Cari tanda-tanda seperti ruam kulit, pucat, nyeri ketok costovertebral angle (CVA),
pembengkakan sendi . Pemeriksaan neurologis yang tidak normal, gangguan kesadaran.
c) Pemeriksaan Penunjang
Urinalisa
Jumlah urin biasanya berkurang dan berawarna gelap atau coklat (seperti air cucian daging).
Hematuria biasanya terdapat pada hampir semua pasien dapat secara makroskopik maupun
mikroskopik. Toraks eritrosit didapatkan pada 60-85% kasus yang menunjukkan adanya
perdarahan glomerulus. Pada penderita GNAPS mungkin pula memberikan gejala-gejala
leukosituria, toraks hialin dan torak glomeruler. Proteinuria biasanya tidak melebihi +2. Pada
kasus proteinuria +3 harus dipertimbangkan adanya gejala sindroma nefrotik. Bila lebih dari 6
bulan masih terdapat proteinuria, disebut proteinuria persisten yang menunjukkan suatu
glomerulonefritis kronik sehingga memerlukan biopsi ginjal untuk membuktikannya.

Fungsi ginjal

LFG pada umumnya berkurang dan pengurangan ini biasanya sejajar dengan beratnya kerusakan
secara histologis. Menurunnya LFG terjadi akibat tertutupnya permukaan glomerulus dengan
deposit kompleks imun. Kadar ureum dan kreatinin serum umumnya meningkat pada fase akut
tetapi kemudian akan kembali normal.
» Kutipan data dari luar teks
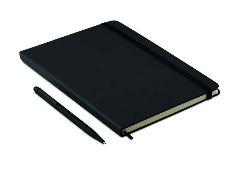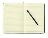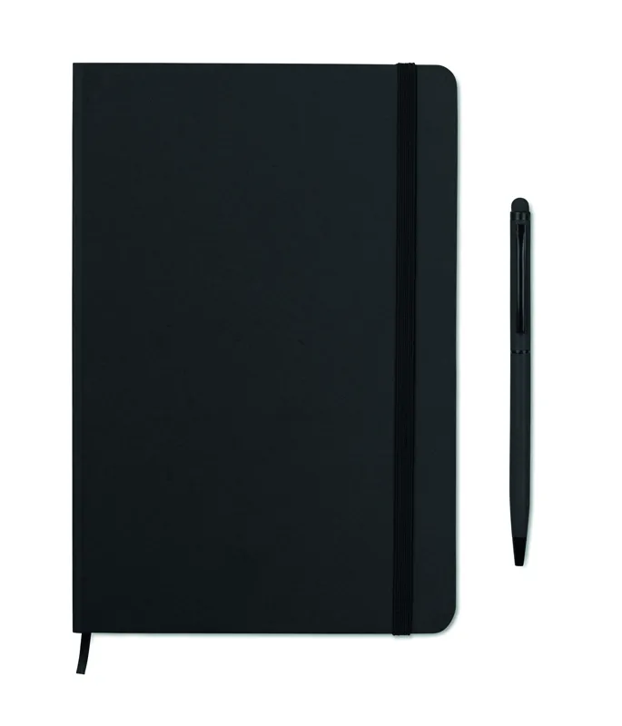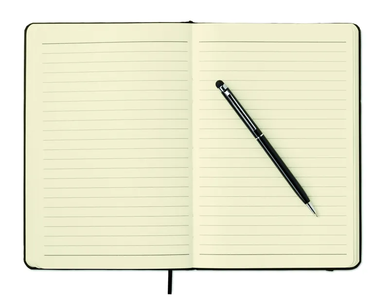A5 jegyzetfüzet érintőhegyes golyóstollal, keménytáblás borítóval. Cérnafűzött. 144 vonalas oldal (72 lap). Fekete elasztikus zárópánt és könyvjelző szalag. Színben illeszkedő érintőhegyes golyóstoll, kéken író betéttel. FSC MIX CREDIT | P7.1 | FSC-C213206

Pada sejumlah kecil kasus dapat disertai azotemia berat
disertai peningkatan fosfat, hiperkalemia, hipokalsemia dan asidosis metabolik

Darah

Anemia normokrom normositer dapat terjadi yang disebabkan hemodilusi. Beberapa peneliti
melaporkan adanya pemendekan masa hidup eritrosit, trombositopenia, peningkatan fibrinogen,
faktor VIII dan aktivasi plasmin. Jumlah leukosit pada umumnya normal atau dapat pula sedikit
meningkat dan jumlah trombosit pada umumnya normal. Laju endap darah (LED) pada
umumnya meninggi pada fase akut dan menurun sesudah gejala klinik menghilang. Walaupun
demikian LED tidak dipakai sebagai parameter sembuhnya GNAPS karena terdapat kasus-kasus
GNA dengan LED tinggi walaupun gejala-gejala klinik sudah tidak ada.
Kadar albumin dan protein total serum pada umumnya sedikit menurun yang disebabkan proses
dilusi. Menurunnya kadar albumin serum berbanding terbalik dengan jumlah deposit imun
kompleks pada mesangial glomerulus.

Bakteriologi

Pemeriksaan bakteriologi penting untuk mengisolasi dan mengidentifikasi kuman streptokokus.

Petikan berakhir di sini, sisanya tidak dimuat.